This past week JA Buck Jarlsberg ‘24 came to believe over the past two months that a frosh in his entry, Brie Vorst ’26, was secretly a dean disguised as an 18-year-old first year student. Overcome with anxiety about a possible evaluation of his job performance, Jarlsberg was unable to form a word for 20 minutes, but after a hot cocoa and a slap on the back, he was able to state his case.
“I don't know man, things have been pretty weird with Brie lately… she’s always been a character around the entry but I’m starting to get the willies about this whole situation. I just wanted to be the chill JA!” mumbled Jarlsberg.
“Yeah, it kinda started on move-in day, Brie drove here alone, and I thought her really firm handshake was a good sign. She always had a lot of enthusiasm about campus resources but I figured ‘hey, don’t have to worry about this one!’ She got along pretty well with the other frosh too, always calling them ‘charming.’” said Jarlsberg.
Our staff inquired with some of these frosh to corroborate this suspicion, to which they gave their insights into Vorst’s behavior:
Kaitlin Jar ‘26 noted, “Yeah Brie’s kinda weird, like she looks kinda old for 18 but I figured she just took a gap year or something.”
“Brie somehow knows everyone's first, last, and middle initial. I asked her about it and she said she is just passionate about the student experience,” said Mark Steamer ‘26.
Many noted Vorst’s uncharacteristic language for a first year, including terms such as “microcosm,” “close-knit,” and “Whitman’s snack bar.” Several also reported her requests for “Mary Jane” at entry pre-games, and frequent inquiring as to whether or not anyone wanted to listen to the B-52s revival album with her or watch Saturday Night Fever: “My laptop has a DVD player!” said Vorst. Despite these misgivings, many frosh have kept her as a friend as “her fake ID looks super realistic, it says she’s like 50 or something!”
We spoke with her roommate, Dawn Stitch ‘26, who described Vorst’s behavior behind closed doors: “She wakes up at 5 am every day,” Stitch bemoaned. “She does all her work at this huge standing desk that she somehow got facilities to install. I had to take the top bunk ‘cause she threw her back out trying to get up there.”

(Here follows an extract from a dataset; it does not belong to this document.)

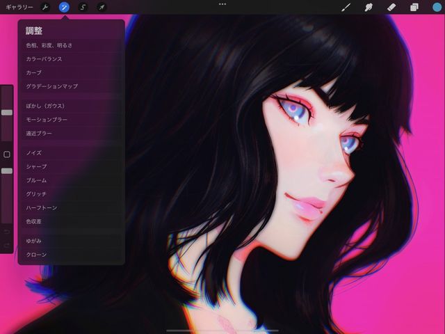 RGB イメージの赤と青の平面を移動して、カメラレンズの色収差効果を再現します。写真では、この効果は非常にわかりにくく、青または赤のわずかな後光のように見えます。Procreate では、収差の方向と距離を完全に制御できます。これにより、この効果を誇張することができます。
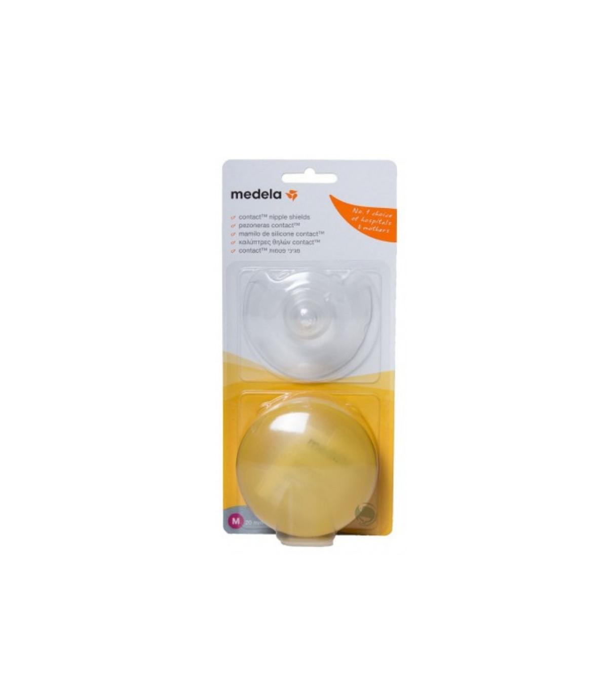 Pack de 2 pezoneras de silicona Contact talla M 20 mm. Protegen pezones sensibles y facilitan una lactancia cómoda y sin dolor.

Upon the arrival of our staff to the Dean’s Office, we saw Dean Franklin speaking to a camera crew inside her office. We kicked down Dean Franklin’s door and demanded to know the truth! Franklin sputtered, “Hey, gang! Wha-what can I do you for?” We confronted her with the evidence that she was disguising herself as first-year Brie Vorst. “That’s preposterous,” Franklin replied, kicking a PSYC 101 course packet under the desk and swallowing the key to a frosh quad double. She cracked when we pointed out the camera crew who had been filming the conversation. “Undercover Boss is a huge paycheck! Do you have any idea how much a squishy cow costs? Like 13 bucks a pop! And worth every cent, don’t misunderstand! With the endowment losses, first-years’ privacy is a small price to pay for those pulpous cows!!”
Brie Vorst has since been removed from her entry, though her standing desk remains, now transformed into a liquor cabinet. Jarlsberg and his COs are taking a rest cure in Vermont funded by the Dean’s office.